Burning sciatica is related to pain, but entails a sensation of interior heat in the nerves or muscles.
Women's sciatica may be caused by the same sources as male versions or might be linked to a gender-specific origin.
Elderly sciatica can come from many processes, but is less common that one might think, given the degree of spinal deterioration that is found in this age demographic.
Sciatica in children might be misdiagnosed as growing pains in some instances.
Sciatica constipation is often due to nerve innervation concerns for the bowels.
Sciatica sexual dysfunction is a terrible consequence of nerve compression or other process that affects sexual functionality.
Sciatica and hemorrhoids may be related in more ways than one.
Incontinence can occur with sciatica due to singular spinal and unrelated nonspinal causes.
Sciatica tingling is a common neurological symptom which shows up in a great number of diagnosed patients. Tingling is not a usual expression of continuing nerve compression, as is commonly thought. However, tingling is possible when nerves are disrupted, partially compressed, chemically irritated or when full compression first occurs.
In a true compressive neuropathy condition, pain will usually be the first symptom, followed by tingling as the condition moves towards subjective then objective numbness, followed by objective weakness.
Tingling is also very common when the source process is not structural, such as in the case of diabetic neuropathy or localized nerve dysfunction from a disease process.
Actual or perceived sciatica weakness can result from injury, inflammation or ischemia. In back pain patients, all three of these situations are presented frequently. However, inflammation due to traumatic injury will heal within days and should not cause ongoing muscular weakness. Injury to the back muscles or spinal structures should also heal and weakness is typically a temporary symptom lasting several days to several weeks.
For weakness which endures for months or even years, the cause is virtually always a continuing nerve compression syndrome which has left the innervated area deprived of vital life energy and the inability to function normally.

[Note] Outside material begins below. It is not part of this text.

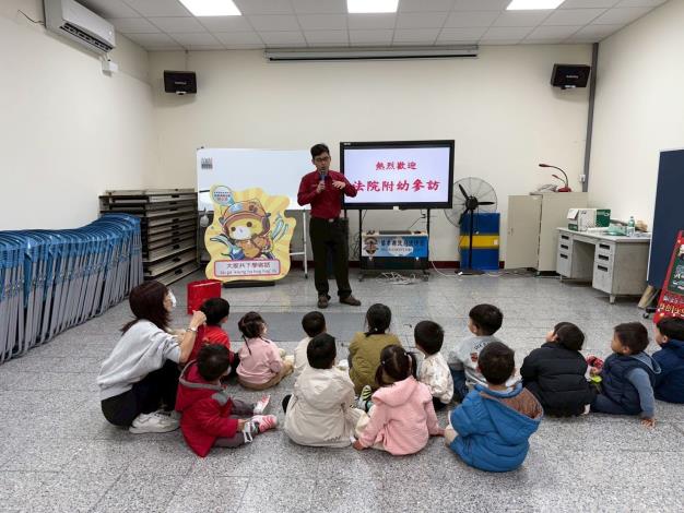 苗栗消防隊日前為苗栗地方法院附設幼兒園舉辦防火宣導,小朋友們親身體驗「停躺滾」並認識消防裝備。消防局也藉此呼籲民眾,謹記「小火快逃、濃煙關門」口訣並安裝住警器,確保居家安全。

Sciatica numbness sounds good to some patients who experience mostly pain, but it is certainly no joy to endure. Numbness is a disturbing feeling, which usually follows or co-exists with tingling and is often eventually followed by objective weakness.
Continued compression of a spinal nerve root will indeed cause long-term numbness in the affected anatomical region. For patients who experience chronic numbness without pain, a pinched nerve is often to blame. However, bouts of recurrent numbness, especially in the presence of pain and tingling, are more commonly caused by ischemia or some other nonstructural causation.
No matter what symptomatic profile you must endure, I understand how miserable sciatica can truly be. I suffered with a constantly changing symptomology over the course of decades spent battling back and leg pain. This ordeal finally ended when I was able to cure my pain.
Constant and consistent symptoms may be better indicators of some types of structural causation. Pinched nerves, for example, should not vary much in terms of location or expression, especially after they have existed for some time.
Variable, wide-ranging or often changing symptoms are better indicators of an ischemic pain syndrome, disease process or pseudo-sciatica source, such as piriformis syndrome. Central spinal stenosis can also elicit a highly variable symptomatic process in some patients, as well.
It is vital to report all your symptoms to your neurologist and keep them up to date on any changes which occur. The more information the physician has, the better prepared they will be to help correctly diagnose the true cause. Once this is achieved, then proper treatment can be rendered.